DATA FOR PROCESSING: Begin

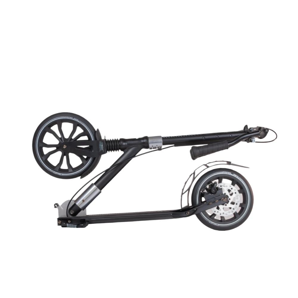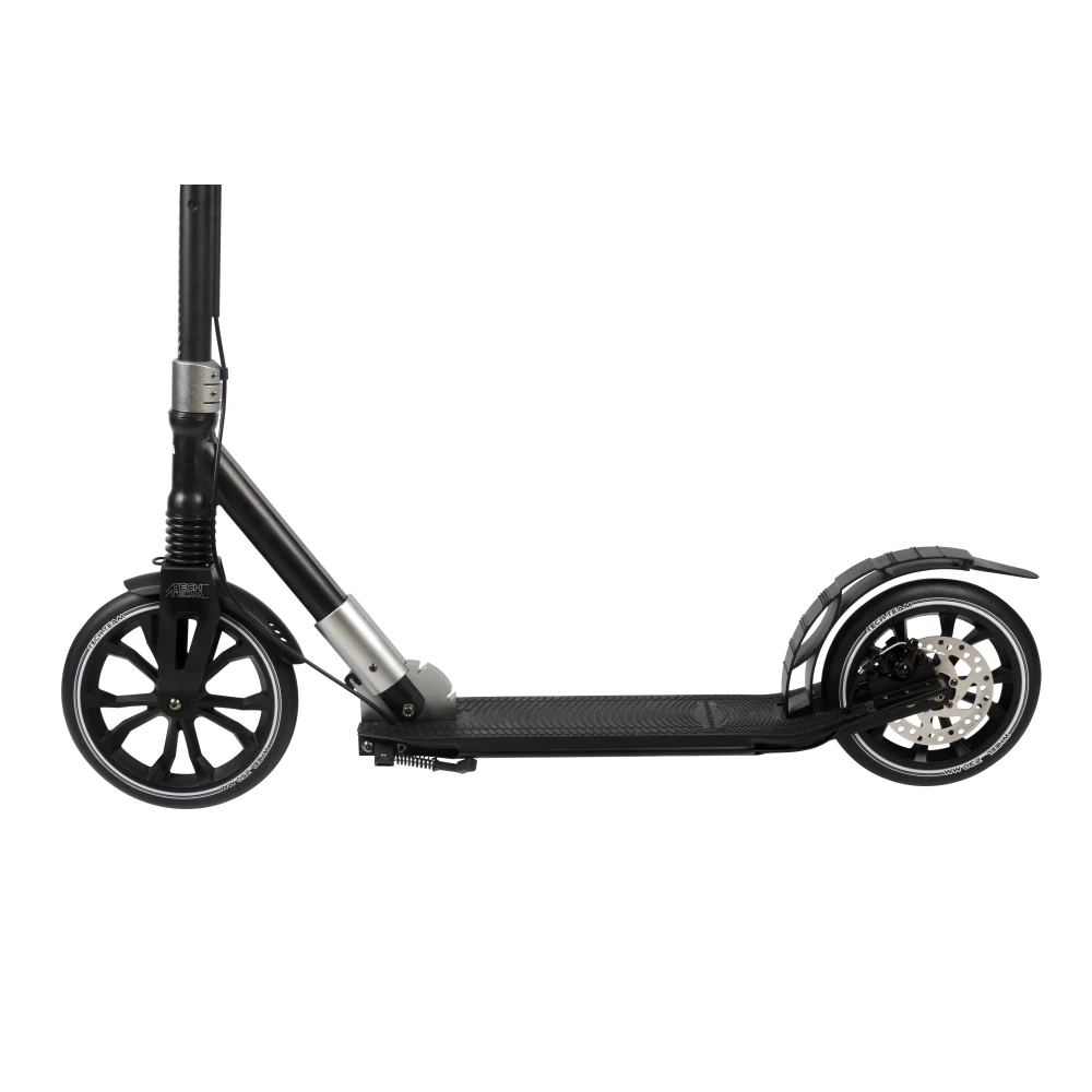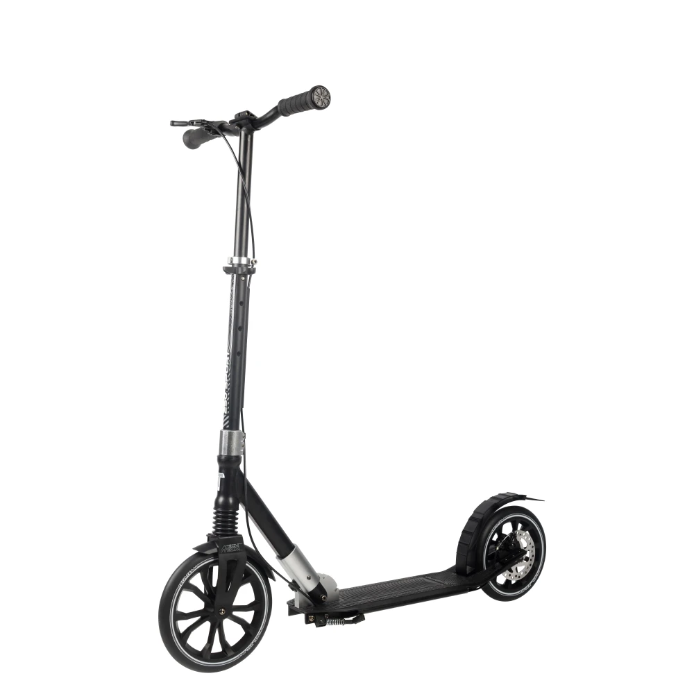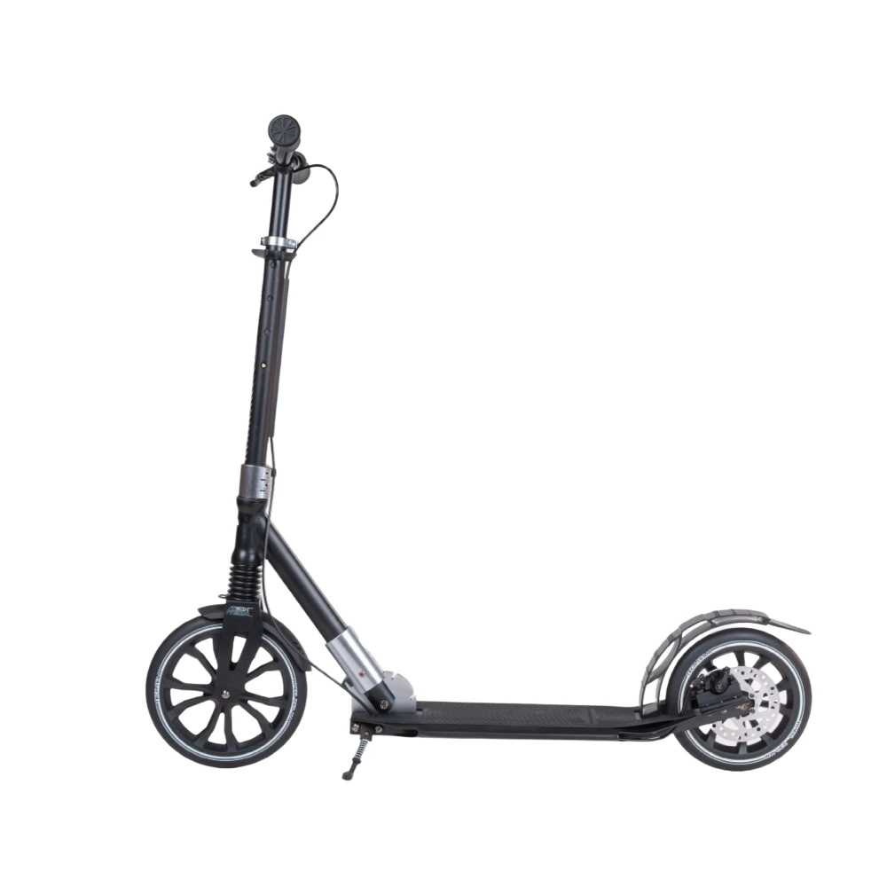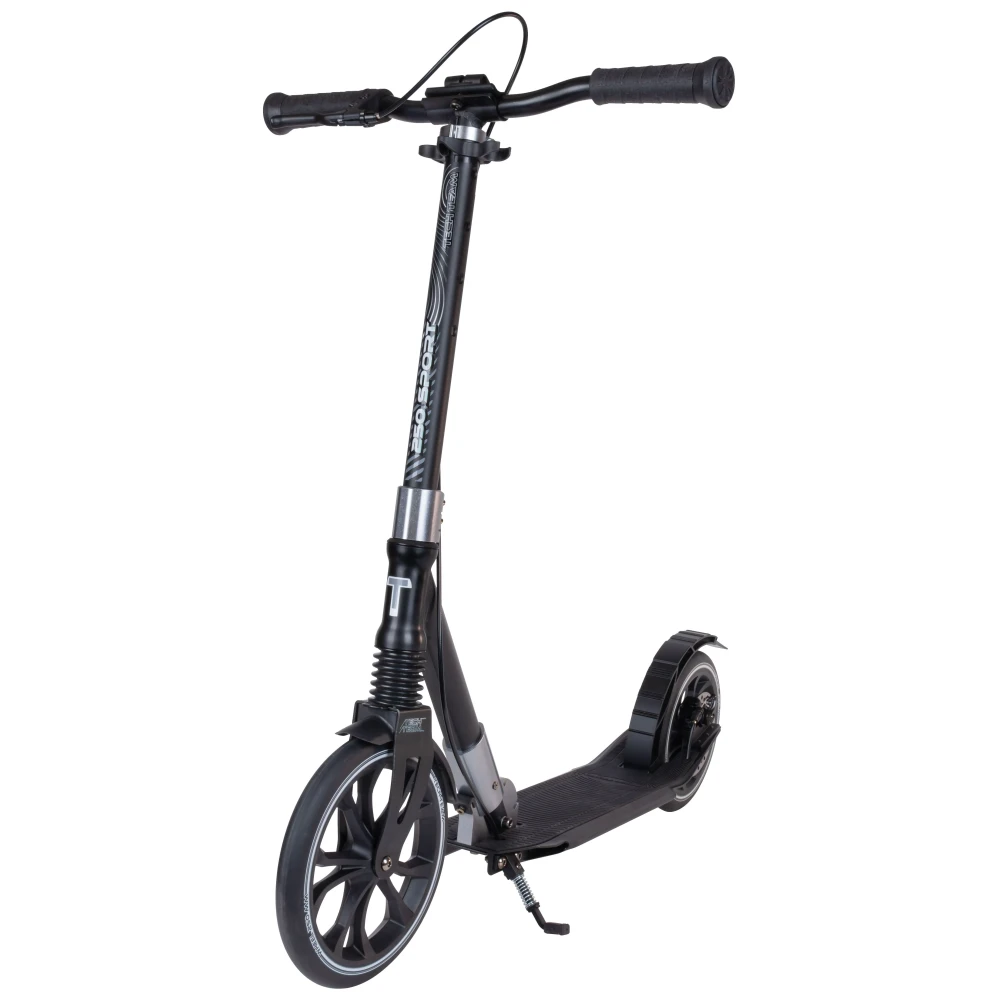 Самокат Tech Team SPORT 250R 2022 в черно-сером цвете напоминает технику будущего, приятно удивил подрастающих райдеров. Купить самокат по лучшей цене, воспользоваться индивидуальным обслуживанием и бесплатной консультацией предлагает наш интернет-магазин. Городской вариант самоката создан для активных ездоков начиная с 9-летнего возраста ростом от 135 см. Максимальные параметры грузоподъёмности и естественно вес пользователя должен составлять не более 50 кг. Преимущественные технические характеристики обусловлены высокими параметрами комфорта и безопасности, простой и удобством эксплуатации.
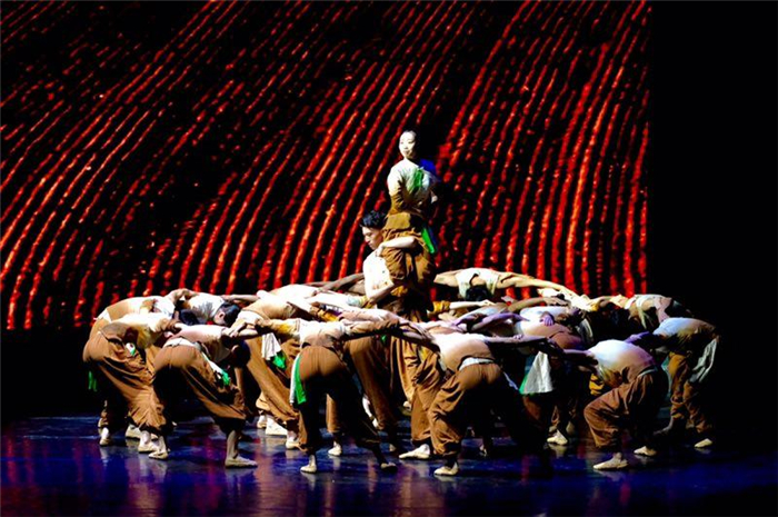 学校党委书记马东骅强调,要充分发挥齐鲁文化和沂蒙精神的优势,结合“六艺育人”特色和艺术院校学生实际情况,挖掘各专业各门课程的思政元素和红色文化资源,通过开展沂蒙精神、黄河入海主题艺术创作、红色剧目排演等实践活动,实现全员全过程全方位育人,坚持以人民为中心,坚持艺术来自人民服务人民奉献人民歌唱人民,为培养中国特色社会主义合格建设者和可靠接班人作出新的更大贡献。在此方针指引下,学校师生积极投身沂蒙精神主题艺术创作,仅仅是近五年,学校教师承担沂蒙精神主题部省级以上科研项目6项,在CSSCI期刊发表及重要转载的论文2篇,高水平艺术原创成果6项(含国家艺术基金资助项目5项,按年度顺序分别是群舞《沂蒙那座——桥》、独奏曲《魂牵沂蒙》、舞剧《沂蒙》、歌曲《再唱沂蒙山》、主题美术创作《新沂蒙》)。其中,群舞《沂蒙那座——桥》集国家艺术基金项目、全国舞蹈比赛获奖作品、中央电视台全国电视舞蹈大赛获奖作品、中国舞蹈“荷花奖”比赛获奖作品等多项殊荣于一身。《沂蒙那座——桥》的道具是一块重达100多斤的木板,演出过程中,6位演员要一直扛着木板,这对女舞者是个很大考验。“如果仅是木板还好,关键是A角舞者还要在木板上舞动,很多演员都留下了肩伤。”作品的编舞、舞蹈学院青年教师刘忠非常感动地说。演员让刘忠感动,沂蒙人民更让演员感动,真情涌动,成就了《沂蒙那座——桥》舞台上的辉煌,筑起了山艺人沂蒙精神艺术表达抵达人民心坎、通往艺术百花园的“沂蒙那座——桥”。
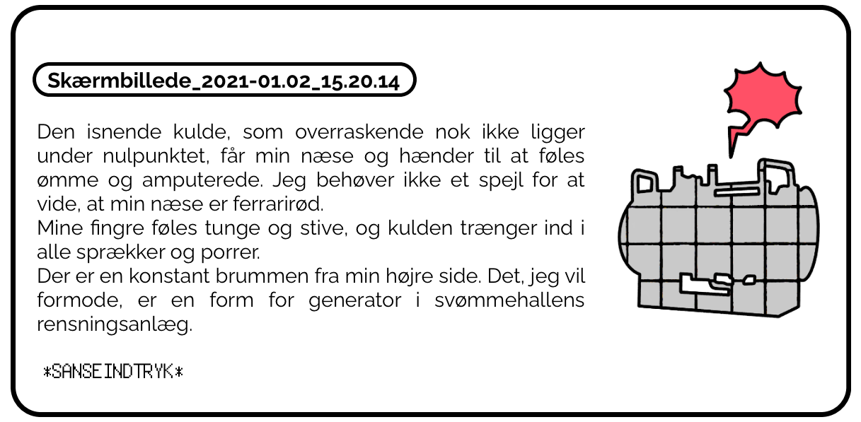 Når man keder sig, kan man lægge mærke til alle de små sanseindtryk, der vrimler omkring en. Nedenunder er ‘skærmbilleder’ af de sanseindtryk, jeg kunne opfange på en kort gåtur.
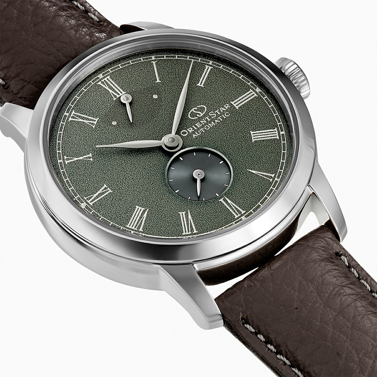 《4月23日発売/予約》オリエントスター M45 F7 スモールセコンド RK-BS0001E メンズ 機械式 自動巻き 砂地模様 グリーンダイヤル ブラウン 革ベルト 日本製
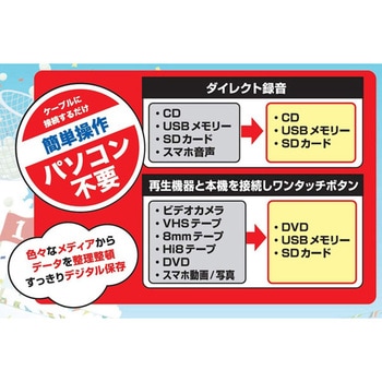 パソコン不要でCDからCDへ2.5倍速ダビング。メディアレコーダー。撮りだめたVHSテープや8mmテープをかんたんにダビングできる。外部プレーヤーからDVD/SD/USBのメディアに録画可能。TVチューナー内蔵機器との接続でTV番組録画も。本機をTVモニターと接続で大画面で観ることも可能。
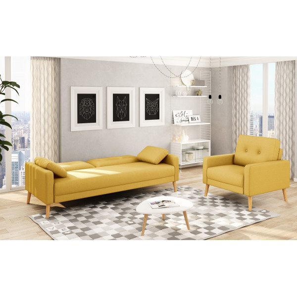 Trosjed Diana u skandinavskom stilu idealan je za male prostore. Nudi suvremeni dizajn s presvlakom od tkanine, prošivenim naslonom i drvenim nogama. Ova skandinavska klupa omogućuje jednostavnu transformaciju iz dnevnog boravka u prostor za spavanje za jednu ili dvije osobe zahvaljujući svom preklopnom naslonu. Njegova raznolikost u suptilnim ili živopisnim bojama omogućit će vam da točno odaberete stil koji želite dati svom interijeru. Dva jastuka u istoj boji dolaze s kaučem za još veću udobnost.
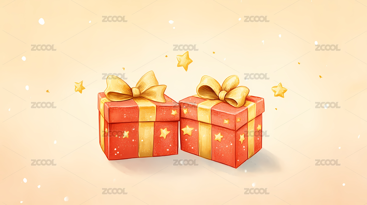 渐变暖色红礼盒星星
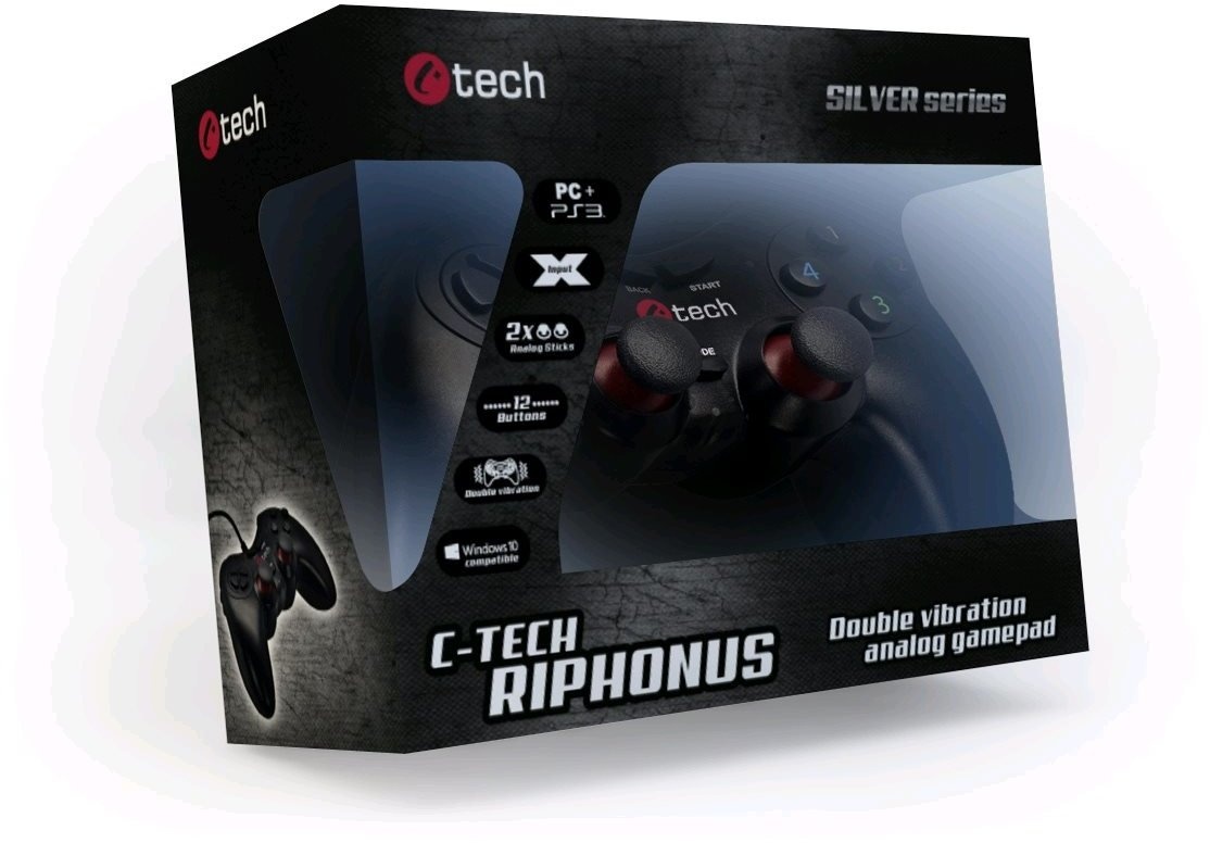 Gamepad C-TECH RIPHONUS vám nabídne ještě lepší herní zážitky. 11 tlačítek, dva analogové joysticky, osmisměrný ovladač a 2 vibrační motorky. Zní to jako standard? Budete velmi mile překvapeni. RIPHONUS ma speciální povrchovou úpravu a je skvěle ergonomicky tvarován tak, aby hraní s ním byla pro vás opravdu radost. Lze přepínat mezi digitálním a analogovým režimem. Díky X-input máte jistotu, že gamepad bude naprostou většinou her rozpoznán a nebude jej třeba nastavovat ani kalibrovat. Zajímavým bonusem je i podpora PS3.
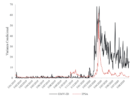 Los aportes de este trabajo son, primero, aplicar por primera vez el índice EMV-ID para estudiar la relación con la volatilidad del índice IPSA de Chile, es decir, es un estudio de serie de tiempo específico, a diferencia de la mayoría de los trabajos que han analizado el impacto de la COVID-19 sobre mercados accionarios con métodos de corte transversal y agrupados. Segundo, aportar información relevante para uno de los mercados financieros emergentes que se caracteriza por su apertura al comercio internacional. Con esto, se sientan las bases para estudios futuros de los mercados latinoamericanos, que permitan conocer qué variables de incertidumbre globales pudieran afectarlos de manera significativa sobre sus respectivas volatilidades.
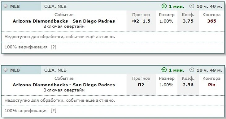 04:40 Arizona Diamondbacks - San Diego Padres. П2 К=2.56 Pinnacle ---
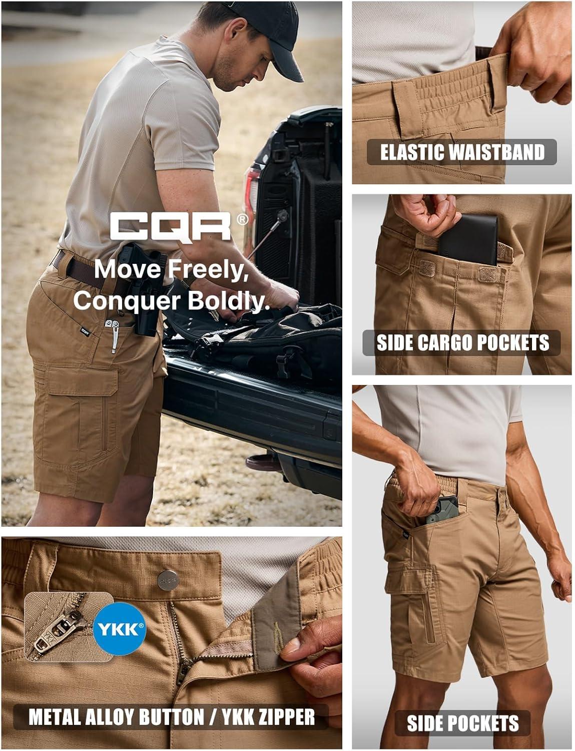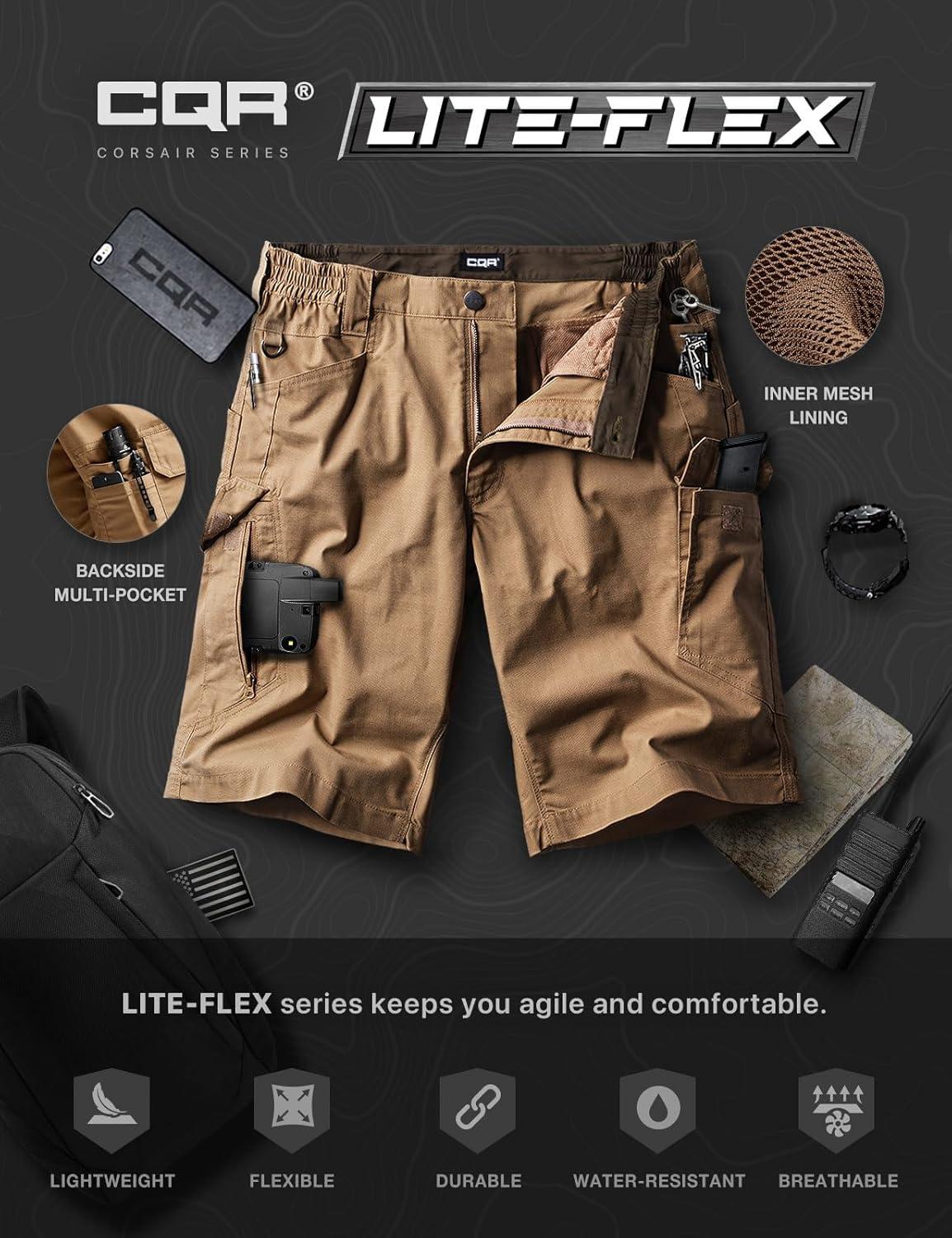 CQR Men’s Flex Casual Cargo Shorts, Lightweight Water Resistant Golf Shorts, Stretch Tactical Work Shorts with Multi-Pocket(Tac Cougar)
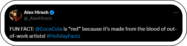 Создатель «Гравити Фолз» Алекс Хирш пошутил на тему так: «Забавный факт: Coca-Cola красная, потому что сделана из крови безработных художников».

DATA FOR PROCESSING: End

Reproduce word for word the lines from the one containing "CQR Men’s Flex" through the end of the data, both ends kept. Drop the pictures.

 CQR Men’s Flex Casual Cargo Shorts, Lightweight Water Resistant Golf Shorts, Stretch Tactical Work Shorts with Multi-Pocket(Tac Cougar)
 Создатель «Гравити Фолз» Алекс Хирш пошутил на тему так: «Забавный факт: Coca-Cola красная, потому что сделана из крови безработных художников».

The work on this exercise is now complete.